Saturday, 20 May 2017
The Clava Cairns
Not far from Culloden is a remarkable place. The cairns at Balnuaran of Clava are simply one of the most evocative prehistoric sites I have ever visited. The impression is rather like walking onto the film-set for some tale of swords-and-sorcery like The Lord of the Rings. The large chambered burial cairns are almost too perfectly preserved, the standing stones surrounding each cairn uncannily picturesque, and the setting and atmosphere thick with a wary watchfulness. In this open-air cathedral to something just out of memory, thickly cushioned underfoot with moss, it almost comes as a surprise that no linen-shrouded body lies within each chamber, surrounded by rich but untouchable grave-goods. Or, less romantically, that a film-crew and actors are not taking a lunch break among the trees.
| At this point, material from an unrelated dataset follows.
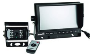
Backup Camera System W/ Night Vision PART# 8883000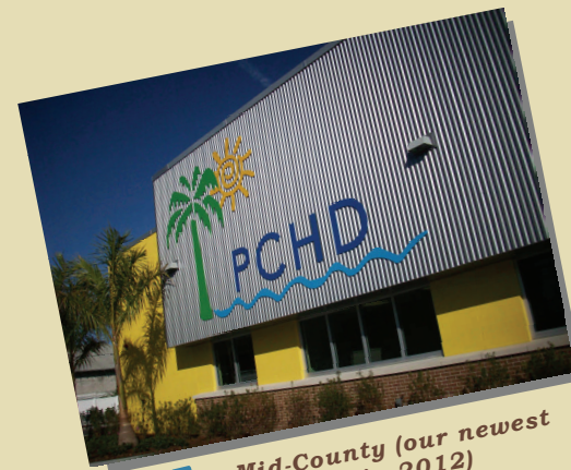
Mid-County (our newest location in 2012)

Of course, some of this is stage-setting. In the 1870s, the site's owner regarded these Bronze Age burial cairns as Druidic Temples, and enhanced the site by planting a grove of trees around it. As at Culloden, the Victorians were great interpretive "improvers" of historic sites. It's also not impossible that some of the features have been tinkered with or repurposed: they are 4,000 years old, after all. Certainly, the archaeologists regard the stone rings enclosing each tomb as a later feature, perhaps acting as an insulating, apotropaic barrier, perhaps serving some more mundane purpose. But such tombs are a feature of the Moray Firth region, and their authenticity is unquestionable; I have rarely felt the presence of the distant past so tantalisingly close at hand.